Bouncing Spam and SpamCop Reporting

[rossmpersonal]

When a SpamCop Reporting system user receives spam, does it make sense for them to report the spam with SpamCop AND bounce the spam message or just report the spam with SpamCop?

[Wazoo]

Bouncing as an end user of something sitting in your InBox is absolutely bad. For one reason, please read and interpolate the concept of "forged addresses" in the Pinned item at http://forum.spamcop.net/forums/index.php?showtopic=203 .... If you're using one of the many products that advertise the "bounce" feature, I suggest you turn that feature off.
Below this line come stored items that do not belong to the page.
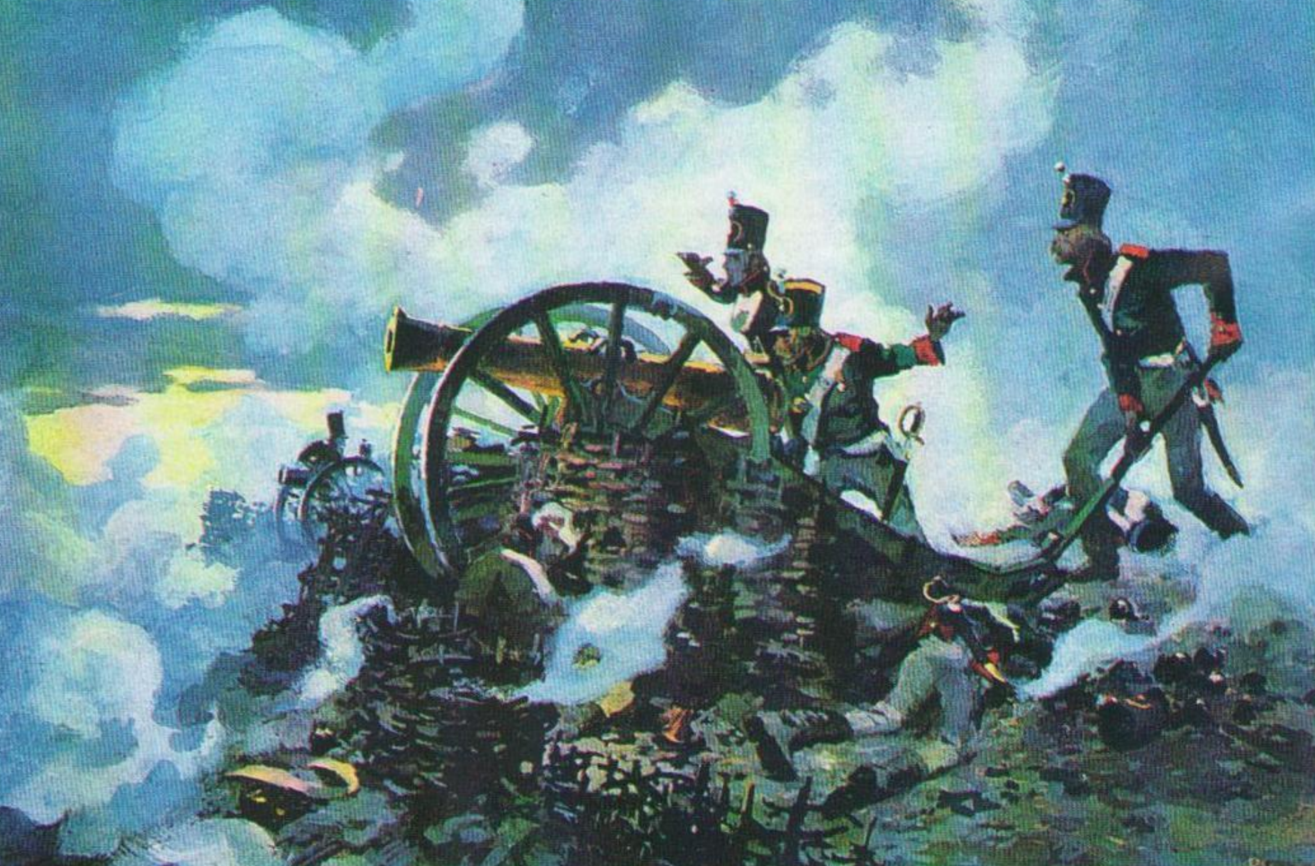
А. Николаев. Батарея Тушина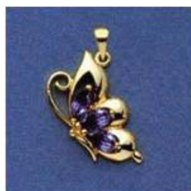
L-197 0,1гр. маркиз 2,6x5,5-3шт.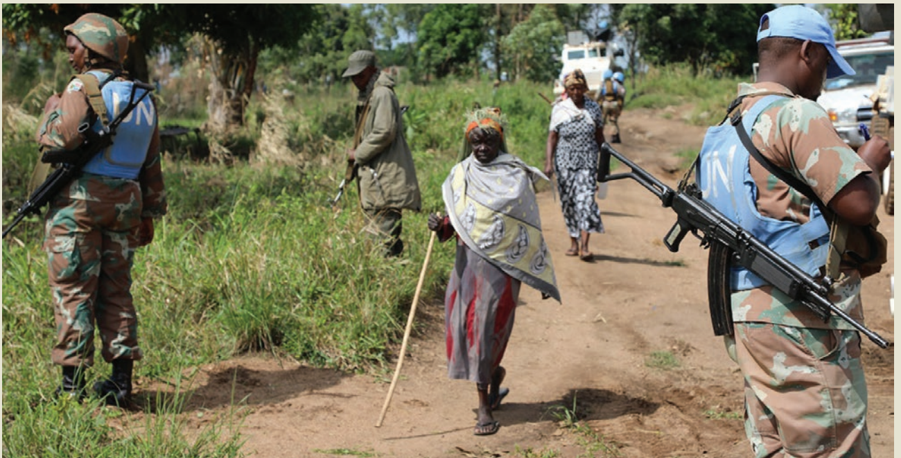
Populations de Beni vaquant à leurs occupations sous la protection des FARDC et Force onusienne

“L e commandement du secteur opérationnel vous affirme officiellement que le territoire de Beni fait face au terrorisme des ADF dont la structure de commandement est tenue par les ougandais. S'agissant du bilan pour l'instant, les chiffres qui sont à ma disposition indiquent provisoirement 14 civils

It is easy to see that it's not a bounce from the e-mail server of your ISP, and worst case, some ISPs have taken users to task over the results of using some of these products, as the "bounce" also uses a forged address like Postmaster of the ISP ... way too many forgeries involved here, the likely result is that you're bouncing to the wrong address, on and on ..

[F. Jones]

I definitely agree.

Unnecessary bouncing is why you get all those messages from people you've never heard of saying that the virus you sent them was intercepted.
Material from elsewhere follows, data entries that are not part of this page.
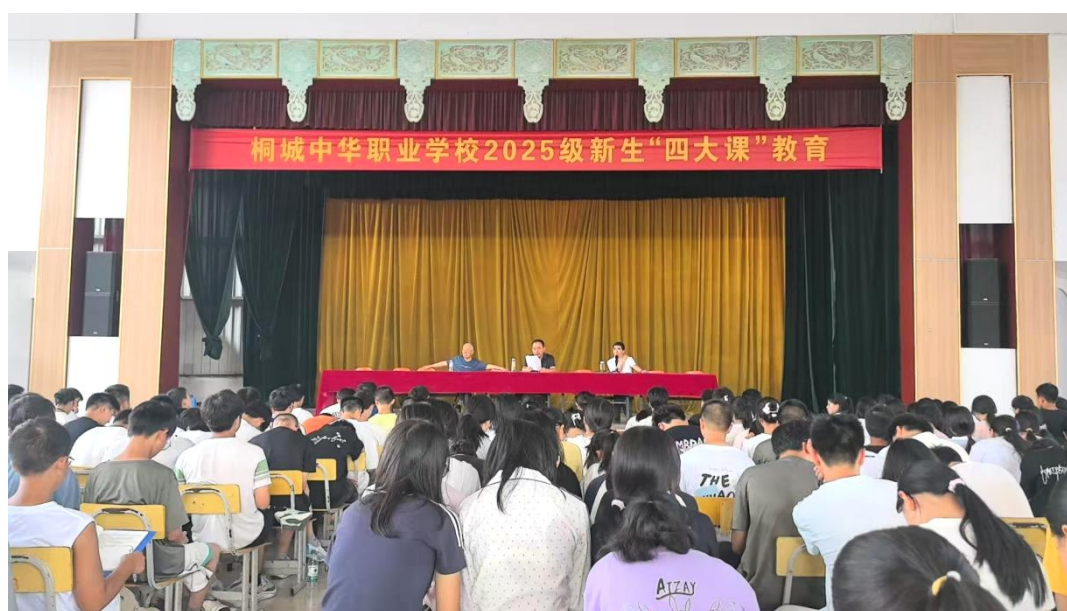
图 1-1-2 四大课教育——校训教育

“校训教育”，以“金的人格、铁的纪律”为主线，引导学生充分认识在知识、能力、品质三个方面，后者比前者更重要。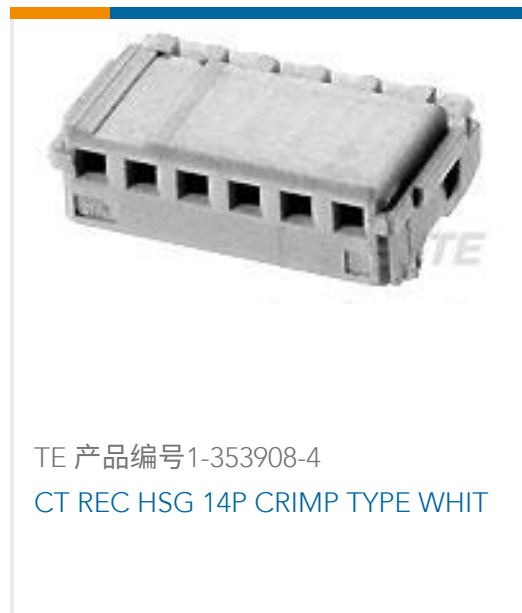
TE 产品编号1-353908-4 CT REC HSG 14P CRIMP TYPE WHIT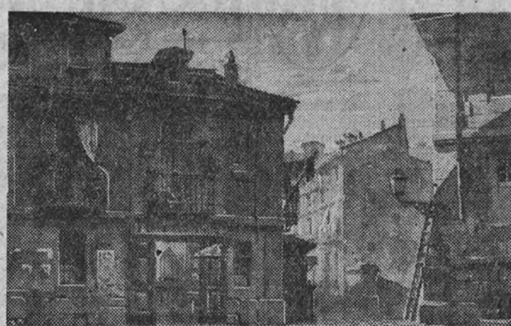
Boceto de decorado para el cuadro segundo de «La Revoltosa», realizado por Amalio Fernández en 1897

Mari Pepa y Felipe entrecruzan quejas y amorosos transportes: «¿Por qué de mis ojos los tuyos retiras, por qué? ¿Por qué me desprecias, por qué no me miras, por qué?». Pronto ella, entregada toda en la frase, confiesa, entre suspiros: «¡Ay, Felipe de mi vida!» El canta, piropea, se vuelve de lleno con admiración y júbilo: «La de los claveles dobles la del manito de rosa... eres tú, porque te quiero...». Esta noche, en el teatro Calderón, la compañía que mayor constancia y entusiasmo acredita en el servicio de nuestro género lírico, interpretará «La Revoltosa». Al aplaudirla, galana y florida, con siempre renovados aliciosos, tan «graciosa» como cuando va la luz, guardaremos, si, un recuerdo emocionado y devoto a la memoria de sus autores; también quedará lugar al deseo y la esperanza de que los músicos y libretistas contemporáneos se impongan—ante el ejemplo incomparable del pasado—el deber de trabajar con afanes de superación y acierto. Eso, de una parte. De otra, elevaremos una íntima y ferviente súplica a quienes, con su ayuda, pueden hacer factible el desarrollo normal de la vida lírica, hoy en grave peligro de consunción, ante las casi insalvables dificultades existentes. Un género que cuenta con frutos tan admirables como «La Revoltosa» no puede desaparecer. La frase, con verdad, ya, por el uso, en tópico.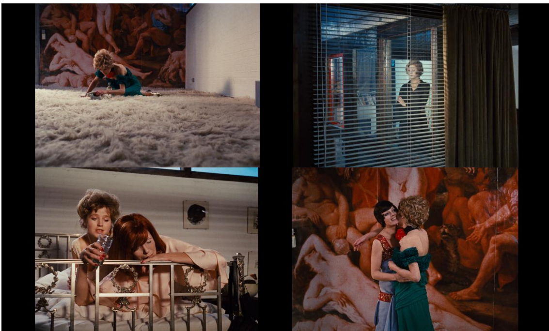
7 Capture écran film Les larmes amères de Pétra von Kant de R.W. Fassbinder, 1972

Dans ce décor il y a plusieurs effets de textures dans une même pièce, c'est ce qui rend compte de la complexité du caractère et des émotions du personnage principal.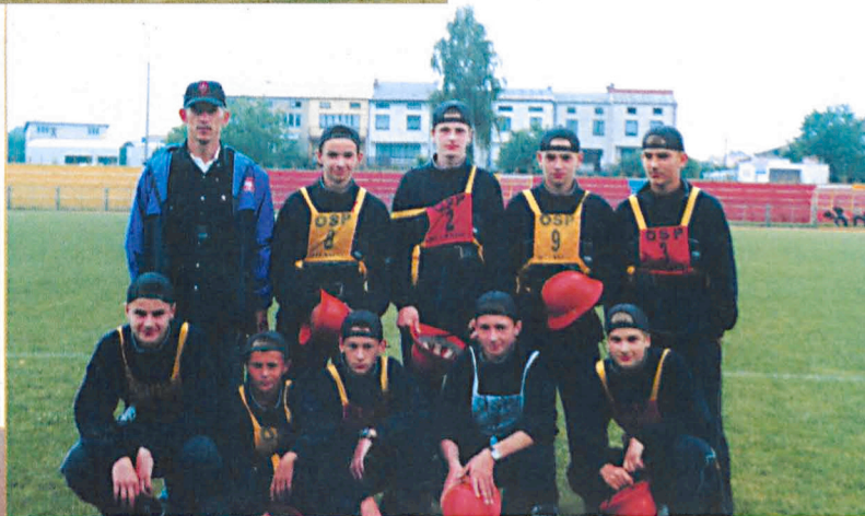
Młodzieżowa Drużyna Pożarnicza chłopców z Milanowa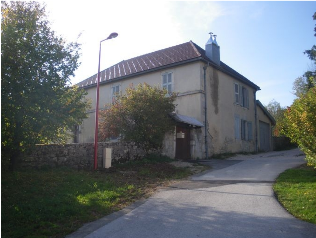
Façade et pignon sur rue.

39, La Chaux-du-Dombief, 1 allée des Sapins

I always try to convince admins to turn off this feature, at least for known worms. It makes sense to send a warning to those who sent infected Word documents and such, but those make up much less than 1% of all virus/worm/malware intercepts here.

[rossmpersonal]

I am a newbie. There are several things I don't understand. Please explain them to me.

I read through http://forum.spamcop.net/forums/index.php?...findpost&p=1018 .
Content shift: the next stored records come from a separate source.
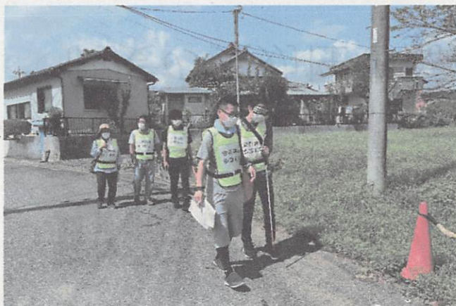
●要支援者宅から避難所への移動

今後、方法や規模を変えて他の地区でも要支援者に関する訓練を実施予定。横展開を目指す。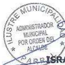
ISRAEL URRUTIA ESCOBAR Alcalde de Parral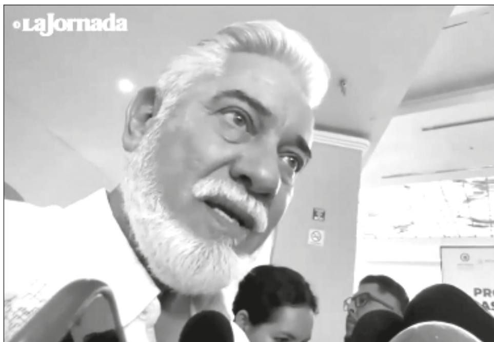
▲ Los periodistas locales señalaron que el mecanismo de protección nunca ha funcionado en Nayarit, y refirieron que hubo una persona que se capacitó, se le designó al frente del mecanismo, pero fue orillado a renunciar.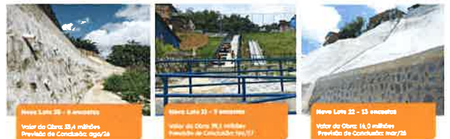
Novo Lote 08 - 6 encostas Valor da Obra: 35,4 milhões Data de Conclusão: ago/24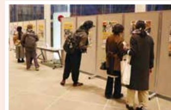
ロビーで実施された「がたふえす」特別企画。歴代ポスターなどの展示に、多くの人が見入っていました。

You may get some irate e-mails from those who are truly clueless, but your IP address won't show up on a blocklist for such a forgery.

It is my understanding (possibly misunderstanding) that spammers test for valid e-mail addresses by randomly putting together combinations of letters to form an e-mail address, sending a forged e-mail to that randomly put together e-mail address, and adding e-mail addresses to their list which they do not receive bounce messages about in the mailbox for the forged address. I thought that bouncing messages would trick spammers into thinking an address is invalid. Please correct me if I am wrong.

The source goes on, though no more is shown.